Publié le 17 février 2026 à 17h23 : Une étude menée par l’Université de Tokyo révèle un lien significatif entre la résistance à l’insuline et un risque accru de développer plusieurs types de cancer, ouvrant la voie à de nouvelles stratégies de dépistage précoce.
- Une analyse à grande échelle, basée sur les données de plus de 500 000 participants, démontre une corrélation entre la résistance à l’insuline et le cancer de l’utérus, du rein, de l’œsophage, du pancréas, du côlon et du sein.
- Un modèle d’intelligence artificielle développé par les chercheurs permet d’identifier les individus présentant un risque accru, potentiellement avant l’apparition des symptômes.
- La résistance à l’insuline, souvent associée au diabète de type 2 et aux maladies cardiovasculaires, pourrait ainsi devenir un facteur de risque clé dans la prévention du cancer.
Des chercheurs de l’Université de Tokyo ont mis en évidence, pour la première fois à cette échelle, un lien étroit entre la résistance à l’insuline et une augmentation du risque de développer différents types de cancer. L’étude, basée sur l’analyse des données de la UK Biobank – une vaste base de données britannique sur la santé – et validée sur d’autres cohortes, suggère que cette condition métabolique pourrait être un indicateur précoce de la maladie.
Le modèle d’IA utilisé dans cette recherche calcule le niveau de résistance à l’insuline à partir de neuf paramètres cliniques courants, obtenus lors des examens de routine. Selon Yuta Hiraike, responsable de l’étude à l’hôpital universitaire de Tokyo, ce modèle est le premier à fournir des preuves à l’échelle de la population que la résistance à l’insuline pourrait être un facteur de risque de cancer.
« Cette approche a surpassé les méthodes traditionnelles d’évaluation des risques. »
Yuta Hiraike, responsable de l’étude
L’étude a révélé une association particulièrement forte entre la résistance à l’insuline et le cancer de l’utérus, du rein, de l’œsophage, du pancréas, du côlon et du sein.
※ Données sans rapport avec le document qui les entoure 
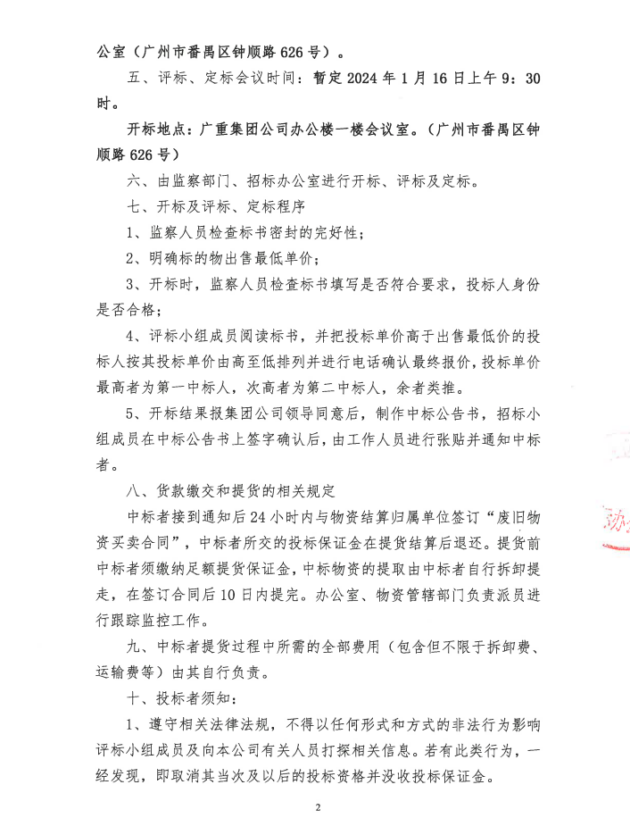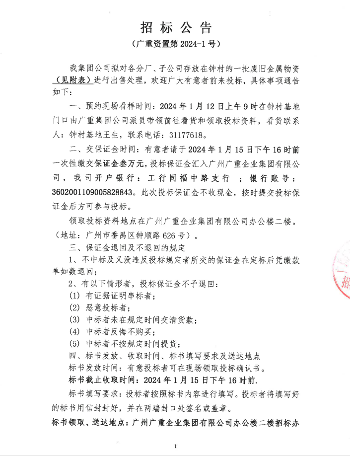 鐘村廢碳鋼A、割渣類等物資處置(廣重資置2024-1號)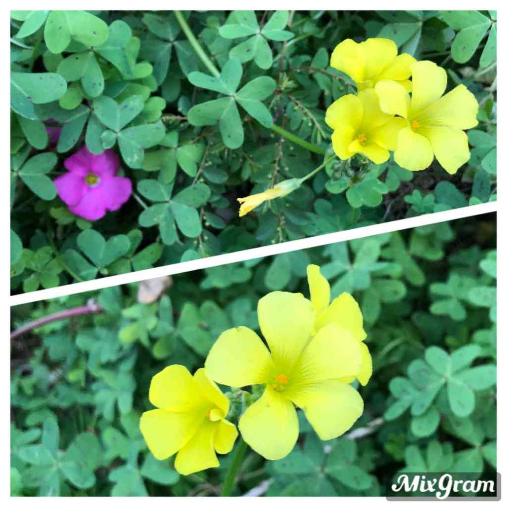 ピンクのオキザリスと黄色のオキザリスが混植されてるのですね😃同株ではないです。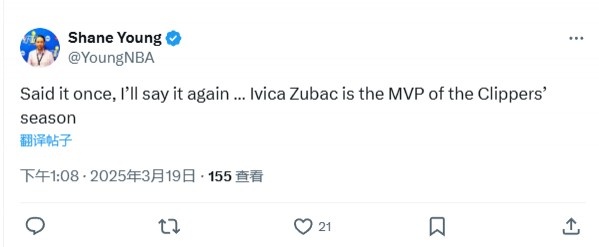對(duì)此,美記Shane Young發(fā)推寫道:“再說(shuō)一次,我還會(huì)繼續(xù)說(shuō)——祖巴茨就是快船本賽季的MVP!”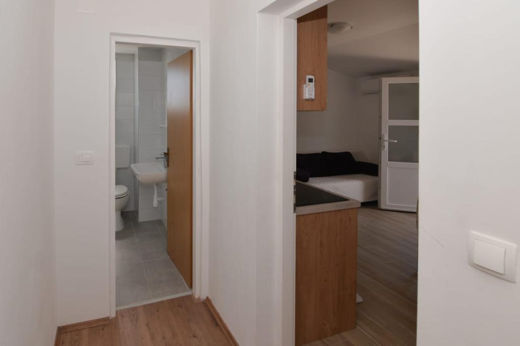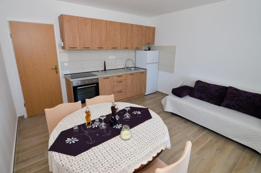 Moderní byt na ostrově Pašman, v Dobropoljana, která se nachází u moře. V areálu se nachází hned vedle pláže, v blízkosti obchodů s potravinami a restaurace a kavárny.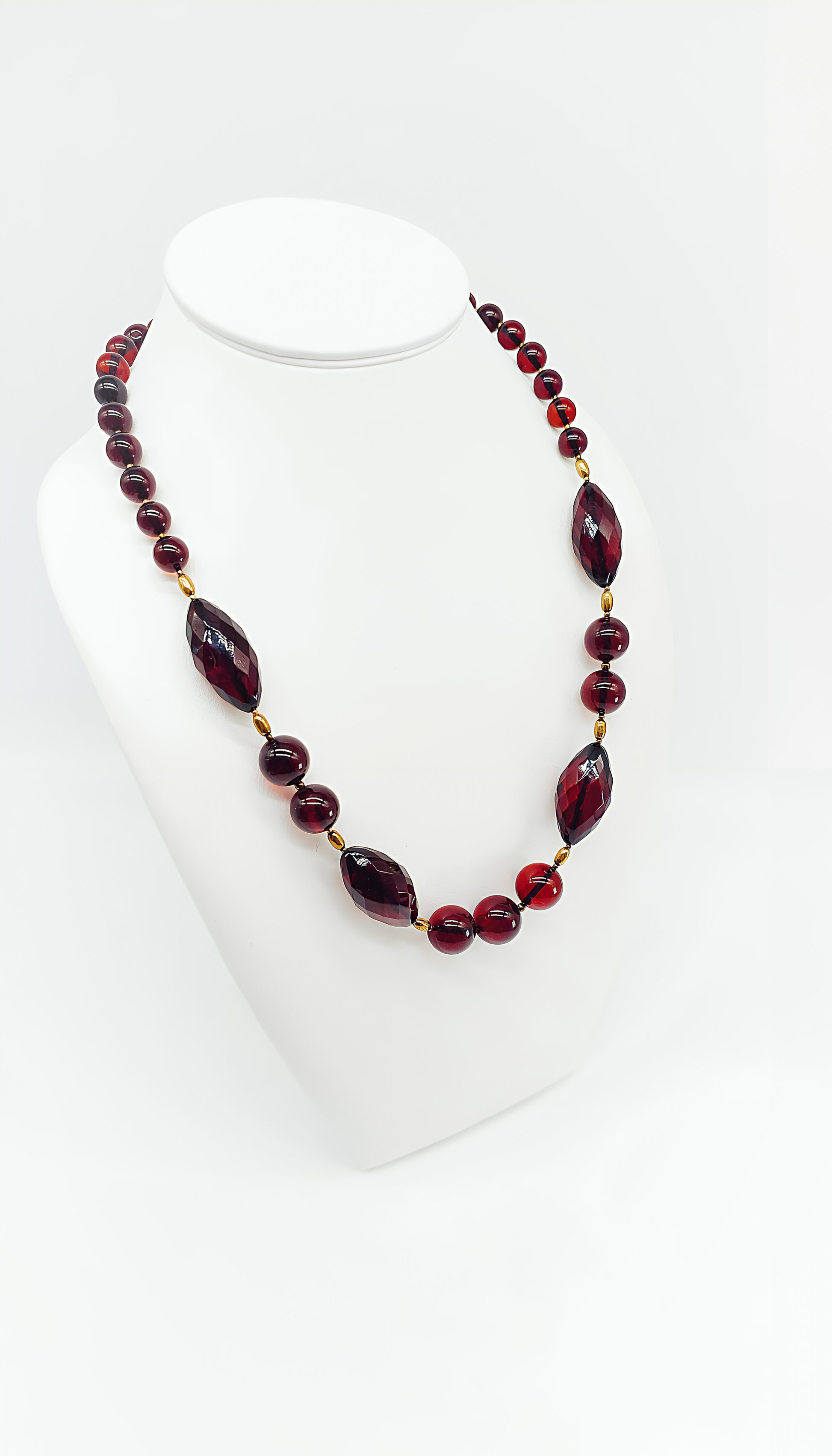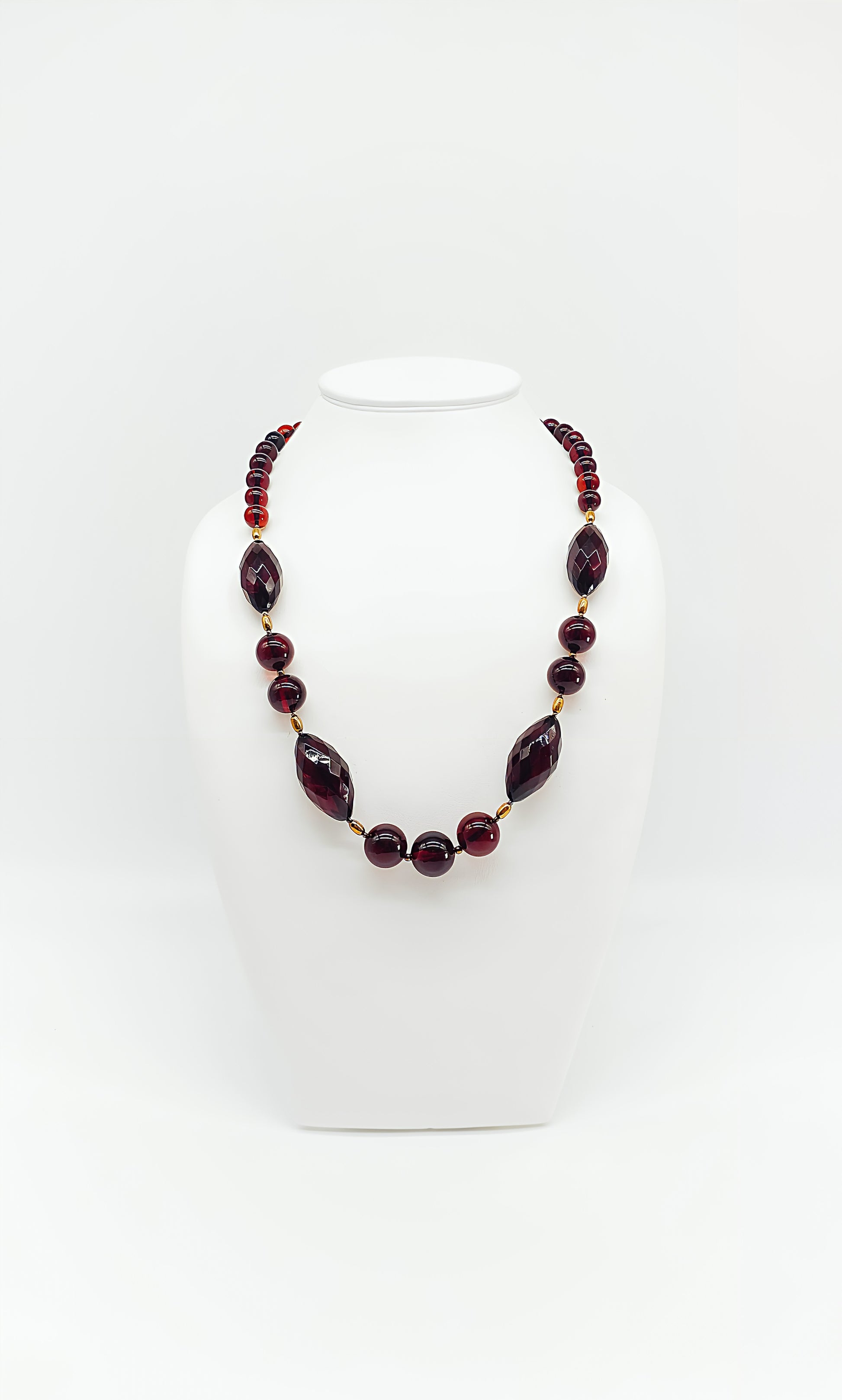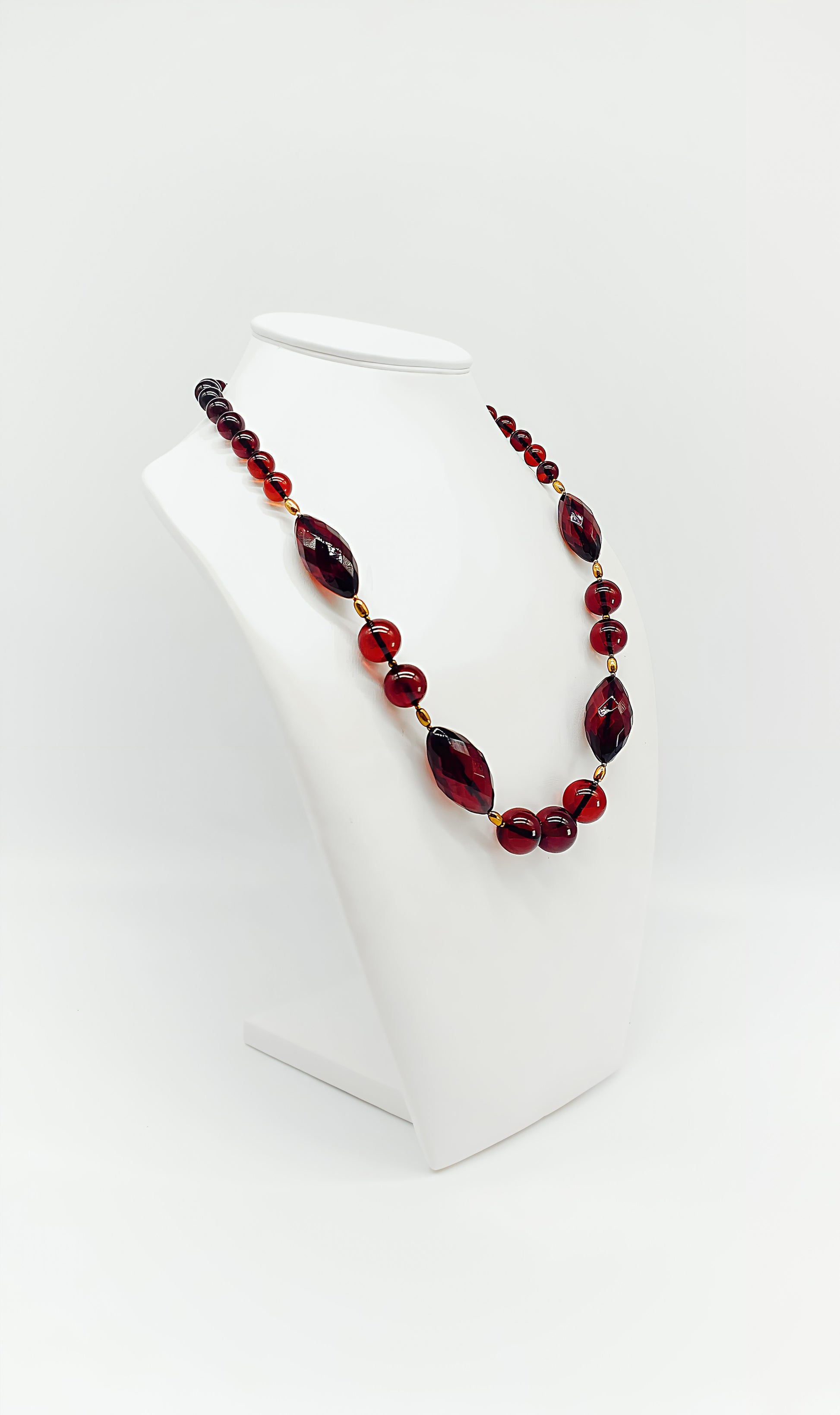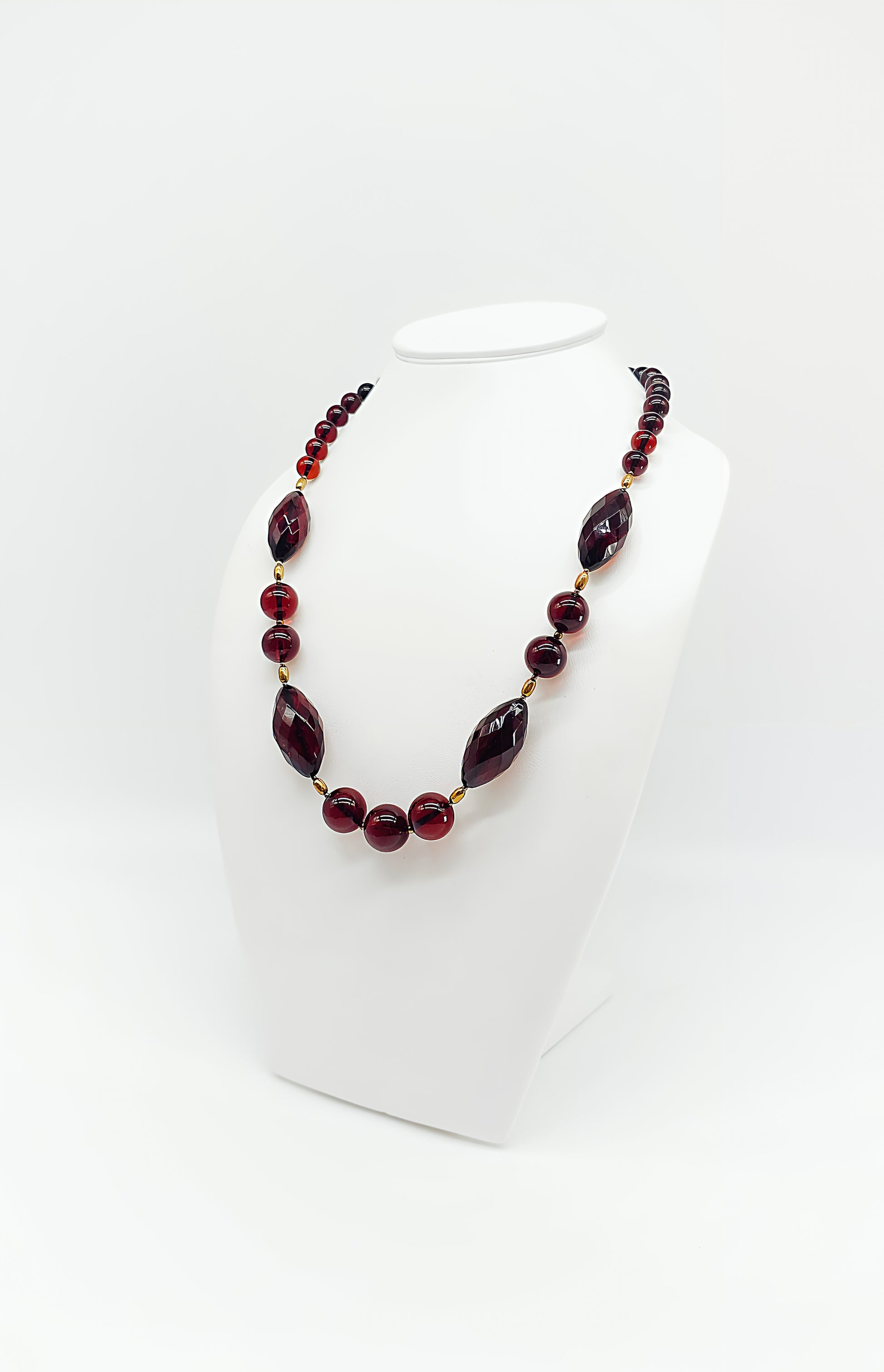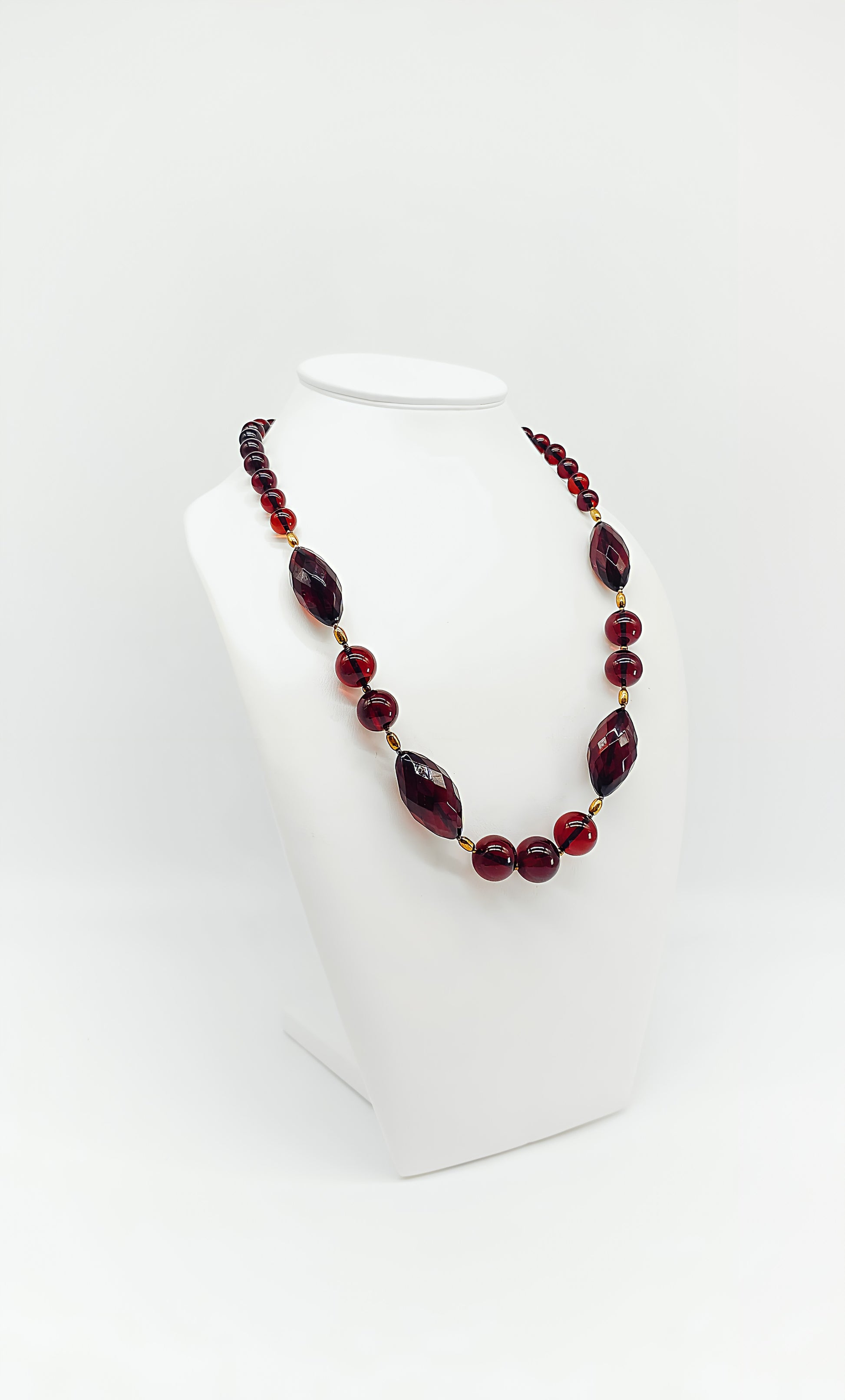 This handcrafted amber necklace is an expression of natural beauty and timeless elegance. The warm, deep red amber stones shimmer in various nuances and are artfully arranged into a harmonious design. Each piece is unique , crafted from genuine natural amber , known for its healing and positive energies.

De plus, un risque accru, bien que moins prononcé, a été observé pour d’autres types de cancer, notamment le cancer du poumon, où l’association persiste même après avoir pris en compte les facteurs de risque traditionnels. Les participants de la UK Biobank identifiés comme présentant une résistance à l’insuline par le modèle d’IA avaient un risque plus de sept fois plus élevé (7,31) de développer un diabète.
La résistance à l’insuline se manifeste lorsque les tissus corporels deviennent moins sensibles à l’action de l’insuline, entraînant une accumulation de glucose dans le sang. Pour compenser, le pancréas produit davantage d’insuline, ce qui peut à terme conduire à une hyperglycémie, un prédiabète et, finalement, un diabète de type 2. Cette condition est également liée à un risque accru de maladies cardiovasculaires, rénales et hépatiques. En savoir plus sur le diabète.
Bien que les mécanismes biologiques précis reliant la résistance à l’insuline au cancer restent à élucider, cette découverte ouvre des perspectives prometteuses pour le développement de stratégies de dépistage précoce et de prévention ciblées. Les chercheurs espèrent que leur modèle d’IA pourra aider à identifier les personnes à risque, permettant ainsi une intervention plus rapide et potentiellement plus efficace.